Enfin, la difficulté de l’enseignement. Une séquence d’analyse au sens scolaire (objectifs, supports, évaluation) est balisée. Celle de Macé l’est beaucoup moins. L’enseignant qui voudrait la transposer doit accepter une part d’indétermination ; ses étudiants risquent de produire des pages très inégales avant d’attraper le tour. Plusieurs critiques universitaires ont noté ce point, et il est juste.

Cela dit, ces limites sont aussi le prix de ce que la méthode permet : une attention vraiment fine aux phrases, et une articulation rare entre le détail textuel et les questions de vie. Peu d’approches contemporaines tiennent les deux ensemble.

Questions fréquentes sur la méthode d’analyse de Marielle Macé

Marielle Macé est-elle universitaire ou écrivaine ?

Les deux. Elle est directrice de recherches au CNRS, où elle a soutenu sa thèse en 2002, et elle enseigne à l’EHESS depuis plusieurs années. Mais elle publie aussi des essais qui s’éloignent du genre académique strict, notamment chez Verdier (Sidérer, considérer, 2017 ; Nos cabanes, 2019 ; Respire, 2023). Cette double posture explique en partie sa séquence d’analyse, qui mêle rigueur philologique et attention sensible.

Quels livres lire en premier pour comprendre sa méthode ?
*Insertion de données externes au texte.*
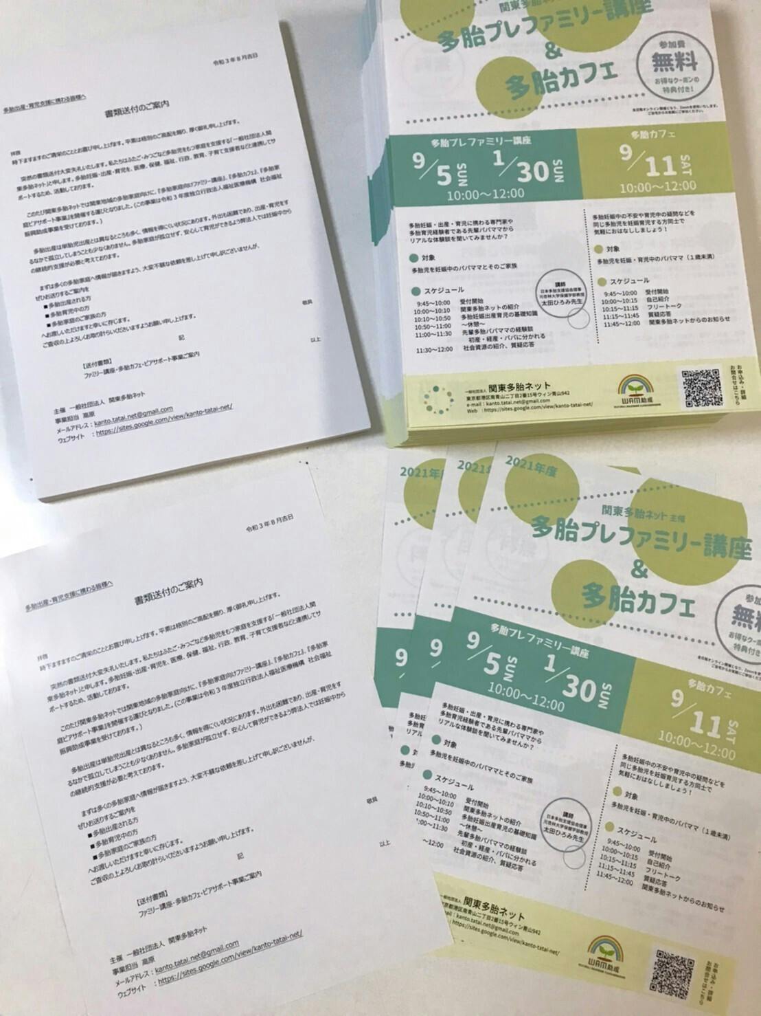記念すべき、関東多胎ネット…通称カンタ主催の【第1回プレファミリー講座&多胎カフェ】開催に伴い、一人でも多くのプレファミリーや多胎児家庭、そして支援に携わる方々に情報が届くよう、チラシを郵送させていただきました。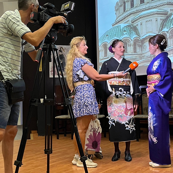 9月1日、日本クラブ「キズナ」(ヴァルナ市所在)及びソフィア大学共催の「着物に関するレクチャー及び着物ファッションショー」が、ソフィア大学本部大講堂で開催されました。兵庫県から計5名の着付け技能士が来訪し、着物の変遷と歴史に関するレクチャーのほか、着付け体験やブルガリアの方々も加わったファッションショーが行われ、立ち見が出るにぎわいを見せました。その後、同様のイベントがヴァルナ市でも行われ、両会場合わせて約600名が来場しました。本件は当地のメディアにも取り上げられました。

Le plus accessible reste Façons de lire, manières d’être (Gallimard, 2011), réédité dans la collection Tel en 2022. Styles. Critique de nos formes de vie (Gallimard, 2016) prolonge la réflexion vers la question des formes de vie. Pour une approche encore plus concrète, Sidérer, considérer (Verdier, 2017) montre la méthode à l’œuvre sur un matériau hors littérature pure. Enfin, l’article « Questions de lecture, entre expérience et appropriations » (Fabula-LhT n° 14, 2015) résume sa position théorique en une trentaine de pages, librement consultables en ligne.

Sa séquence d’analyse fonctionne-t-elle sur un roman policier ou un livre populaire ?
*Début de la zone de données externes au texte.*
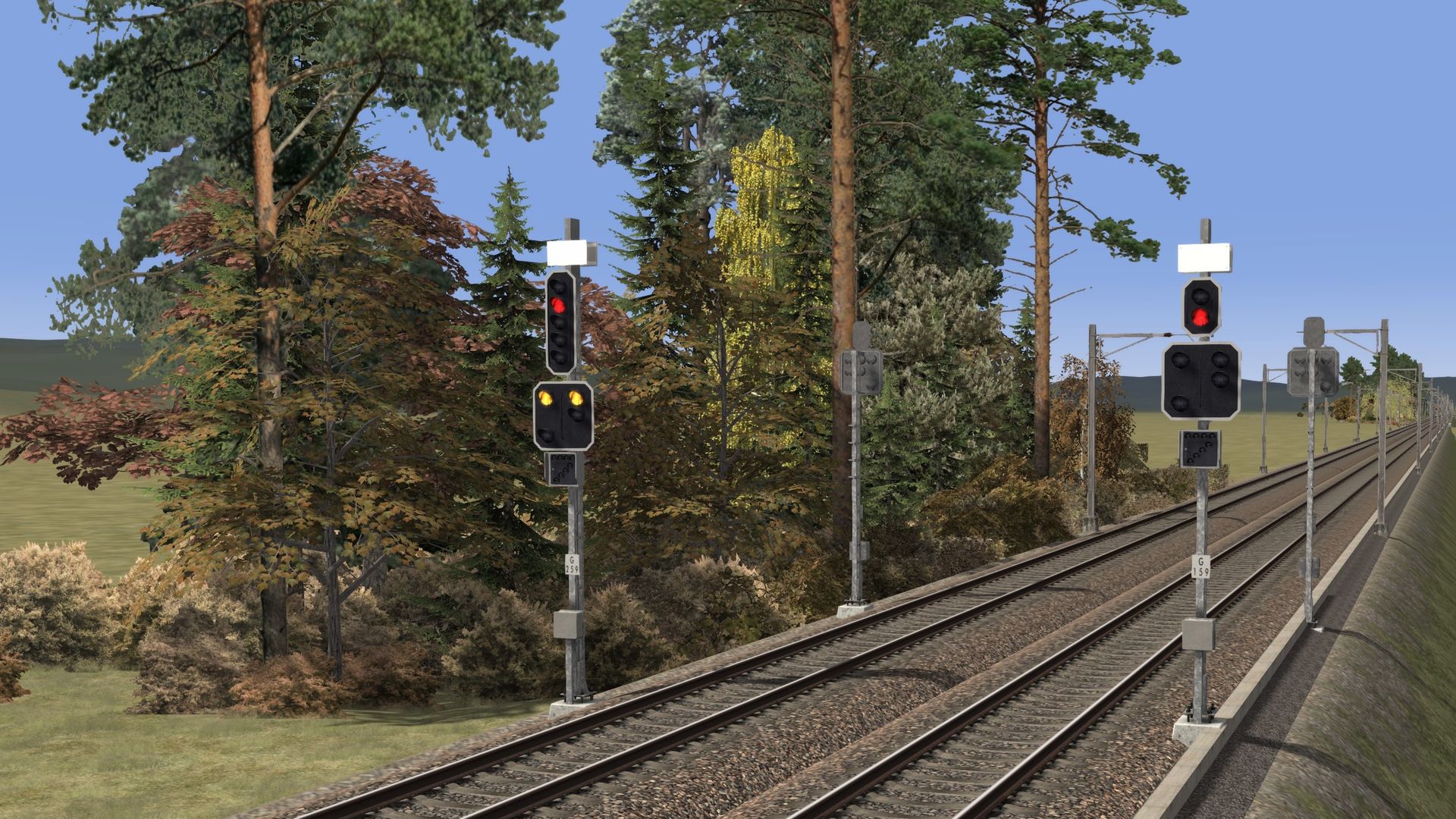 Gleichzeitig möchte ich nach dem gleichen Prinzip auch die Tafeln für Steigung und Gefälle (in Promille), Gleisnummern sowie korrekte Versionen der Schweizer Signalschilder (diejenigen im Screenshot sind falsch) erstellen. Die Signalbezeichnungen bestehen aus 1-2 Grossbuchstaben, gefolgt von 1-3 Ziffern. Bei Vorsignalen ist zudem das Sternzeichen erforderlich. Bei kombinierten Signalen wie auf dem Screenshot haben die Schilder 2 Zeilen für das Hauptsignal bzw. das Vorsignal.

Oui, à condition d’accepter que la « phrase qui arrête » puisse être très différente. Dans un roman noir, ce sera peut-être un dialogue, une rupture de ton, un détail visuel. La séquence reste la même : isoler la phrase, décrire son effet, remonter vers une forme de vie. Macé n’a pas elle-même beaucoup pratiqué ce type de texte, mais sa méthode ne discrimine pas les genres. Elle discrimine plutôt les degrés d’attention.

Quelle différence entre la stylistique de l’existence et la stylistique classique ?

La stylistique classique étudie le style d’un auteur : ses tournures, son lexique, ses figures. La stylistique de l’existence s’intéresse au style comme façon de vivre, dont la stylistique littéraire serait un cas particulier. Pour Macé, dire qu’un poème à un style, c’est dire qu’il propose une « allure » au sens de Canguilhem, c’est-à-dire un certain rapport au temps, à l’espace, aux autres. La séquence d’analyse fait passer de l’un à l’autre.

Où entendre Marielle Macé parler de sa méthode ?

Plusieurs émissions de Radio France l’ont reçue ces dernières années. Elle intervient également au Banquet du Livre de Lagrasse, festival littéraire qui se tient chaque été dans l’Aude, où ses lectures publiques permettent de saisir sa séquence d’analyse en situation. Le site Canal-U conserve plusieurs de ses conférences enregistrées à l’EHESS, et la collection « Diffusion des savoirs » de l’École normale supérieure propose aussi des captations. Pour une rencontre directe, le calendrier annuel du Banquet de Lagrasse reste le rendez-vous le plus régulier.